Samimi Monireh, Sajedi Aida, Paybast Sepideh, Nabavi Nazanin Sadat, Karimi Shahedeh, Yazdanbakhsh Sepideh, Gaffari Mehran, Najafian Abbas, Faghani Leila, Zolfaghari Zahra, Vosough Massoud, Nabavi Seyed Massood
Department of Regenerative Medicine, Cell Science Research Center, Royan Institute for Stem Cell Biology and Technology, ACECR, Tehran, Iran.
Arya Group for Treatment and Research for MS and Neurological Disease, Tehran, Iran.
Mult Scler J Exp Transl Clin. 2025 Aug 21;11(3):20552173251369990. doi: 10.1177/20552173251369990. eCollection 2025 Jul-Sep.
Fingolimod was approved in 2010 for the treatment of relapsing-remitting multiple sclerosis, generally as second-line therapy. While its efficacy in reducing the relapse rate is well-recognized, the dermatologic complications of fingolimod remain unexplored. Herein, we aimed to report our experience with multiple sclerosis patients treated with fingolimod who underwent periodic dermatologic examinations.
A prospective cohort of 323 patients with multiple sclerosis treated with fingolimod were assessed for dermatologic manifestations over 60 months. The neurologic and dermatologic examinations were done biannually to identify and categorize skin-related adverse events.
Over a mean follow-up of 60 months, of the 323 patients, 32.19% (104 patients) developed skin abnormalities after a mean interval of 25.77 ± 24.36 months since fingolimod initiation. The majority of patients (91.34%) were female, with a mean age of 36.40 ± 7.45 years and a mean disease duration of 122 ± 58.56 months. The most common findings included melanocytic nevus (65.38%) and infectious lesions (11.53%). The severity of skin lesions varied, with most cases manageable with topical treatments. However, ten patients (9.61%) who developed refractory genital human papillomavirus ( = 2), melanocytic nevus ( = 3), dysplastic nevi ( = 3), fibrous papules ( = 1), and molluscum contagiosum ( = 1) had to discontinue their treatment.
Fingolimod treatment in patients with multiple sclerosis is associated with a range of dermatologic findings, predominantly mild to moderate in severity. This population warrants awareness of these potential adverse events and regular follow-up.

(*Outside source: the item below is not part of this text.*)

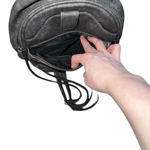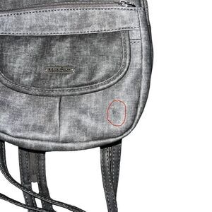 MULTISAC Grey Backpack. There is a small dent on the bottom right side of the back which is circled in picture 4
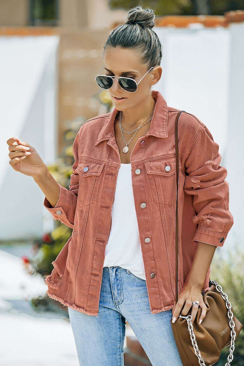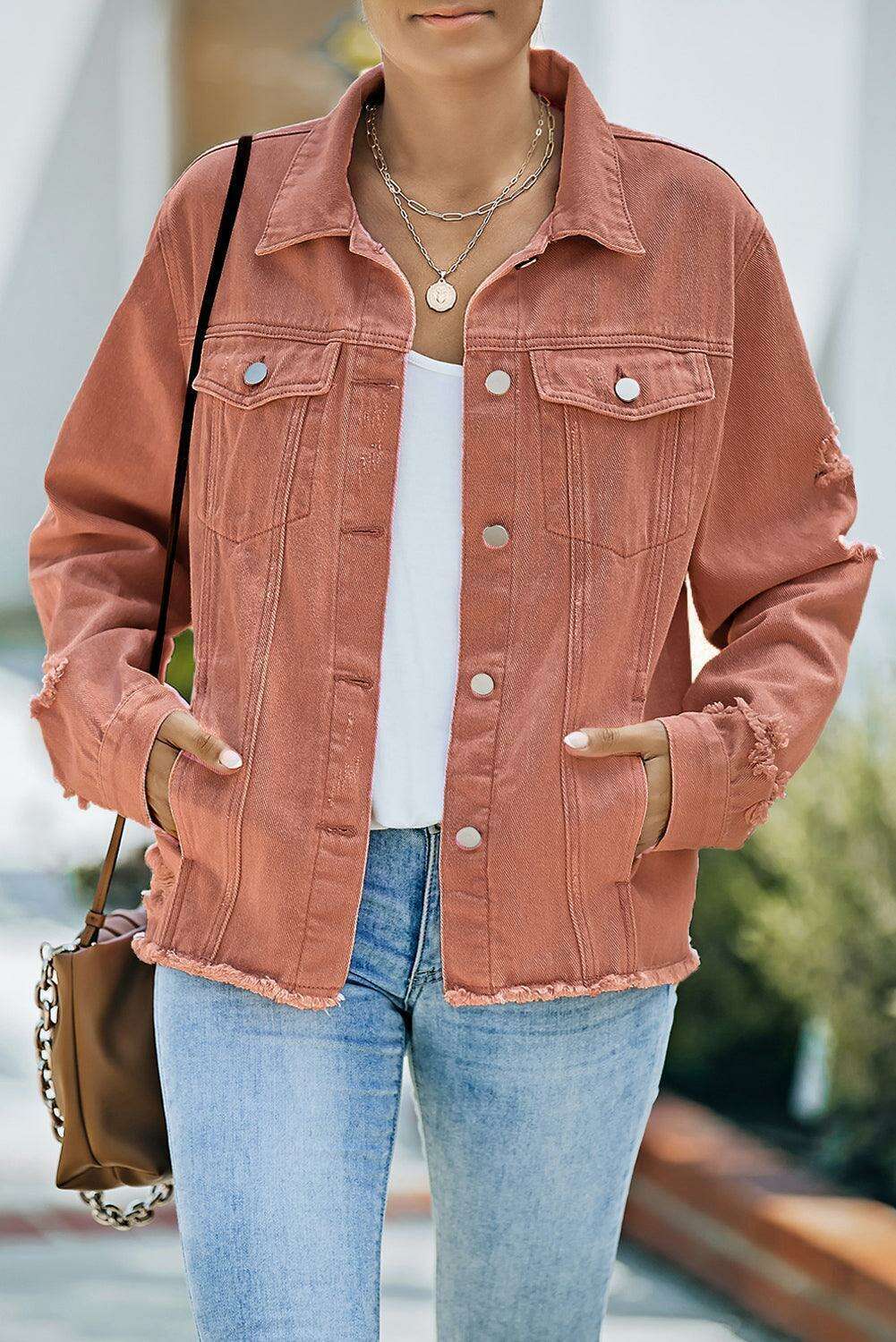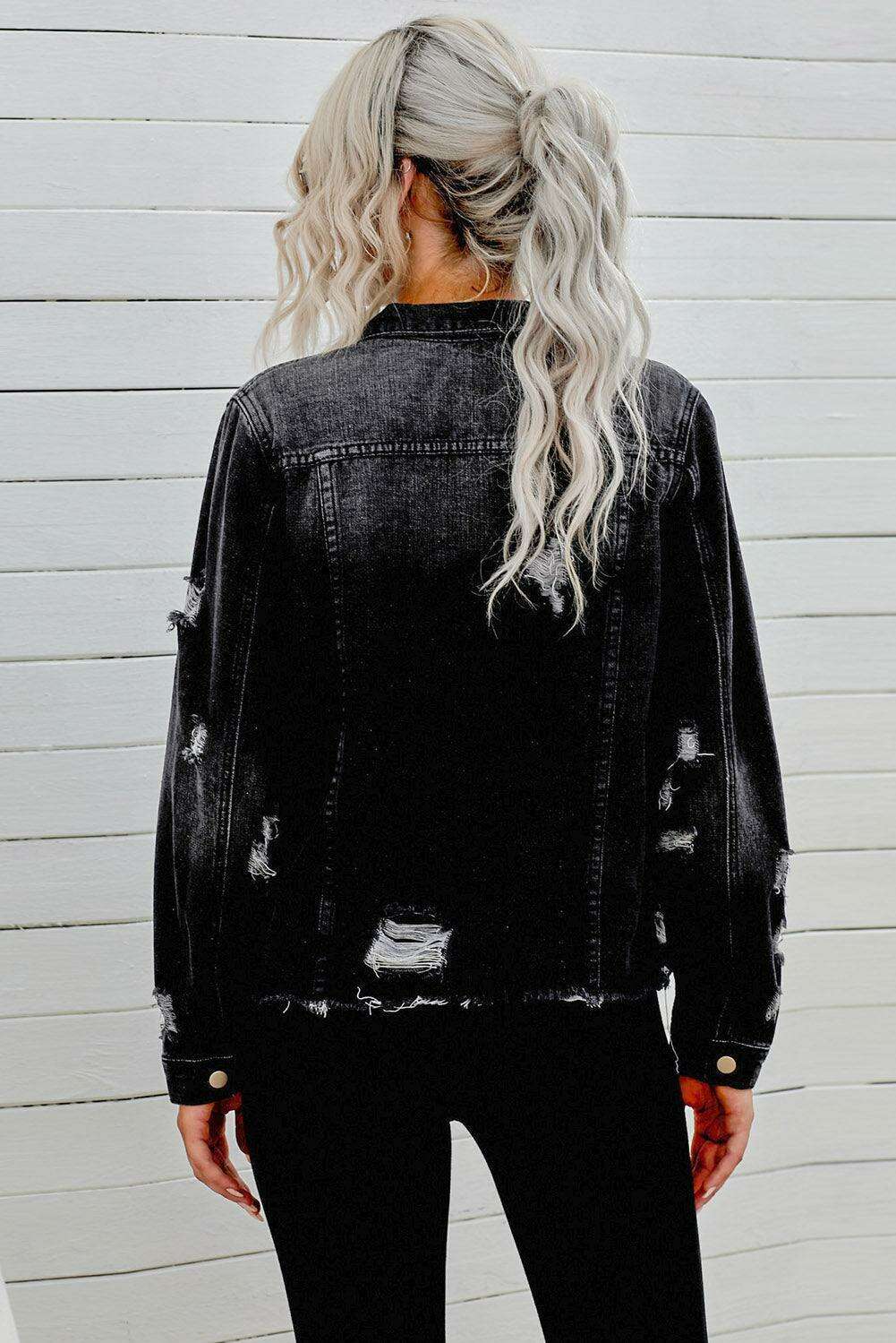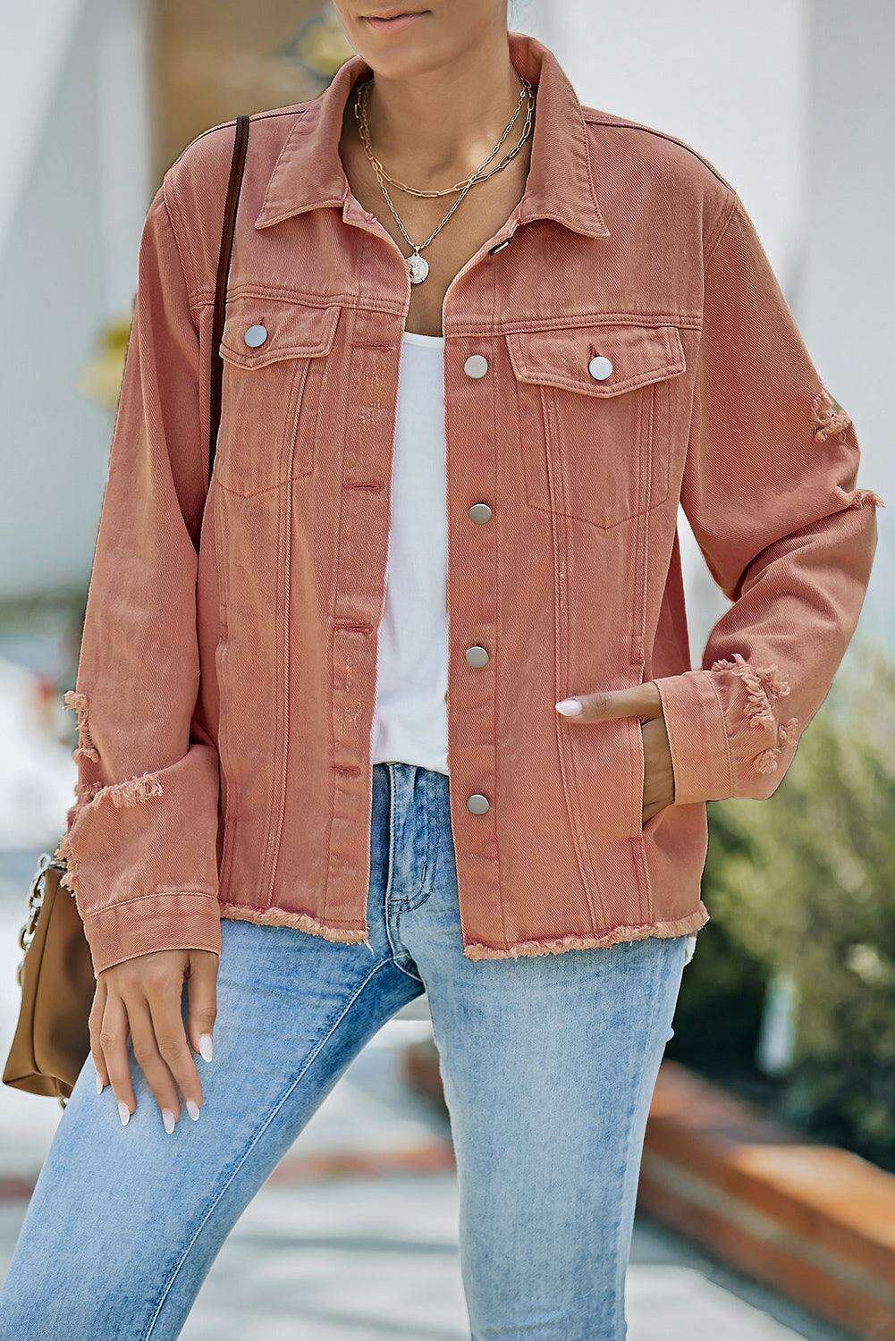디스트레스드 로우 헴 데님 재킷

芬戈莫德于2010年获批用于治疗复发缓解型多发性硬化症,通常作为二线治疗药物。虽然其在降低复发率方面的疗效已得到广泛认可,但芬戈莫德的皮肤并发症仍未得到充分研究。在此,我们旨在报告我们对接受芬戈莫德治疗并定期进行皮肤科检查的多发性硬化症患者的经验。
对323例接受芬戈莫德治疗的多发性硬化症患者进行前瞻性队列研究,评估其60个月内的皮肤表现。每半年进行一次神经科和皮肤科检查,以识别和分类与皮肤相关的不良事件。
在平均60个月的随访期内,323例患者中有32.19%(104例)在开始使用芬戈莫德后平均25.77±24.36个月出现皮肤异常。大多数患者(91.34%)为女性,平均年龄36.40±7.45岁,平均病程122±58.56个月。最常见的表现包括黑素细胞痣(65.38%)和感染性病变(11.53%)。皮肤病变的严重程度各不相同,大多数病例通过局部治疗即可控制。然而,10例患者(9.61%)因出现难治性生殖器人乳头瘤病毒(2例)、黑素细胞痣(3例)、发育异常痣(3例)、纤维丘疹(1例)和传染性软疣(1例)而不得不停药。
多发性硬化症患者使用芬戈莫德治疗会出现一系列皮肤表现,严重程度主要为轻至中度。这一人群需要了解这些潜在的不良事件并定期进行随访。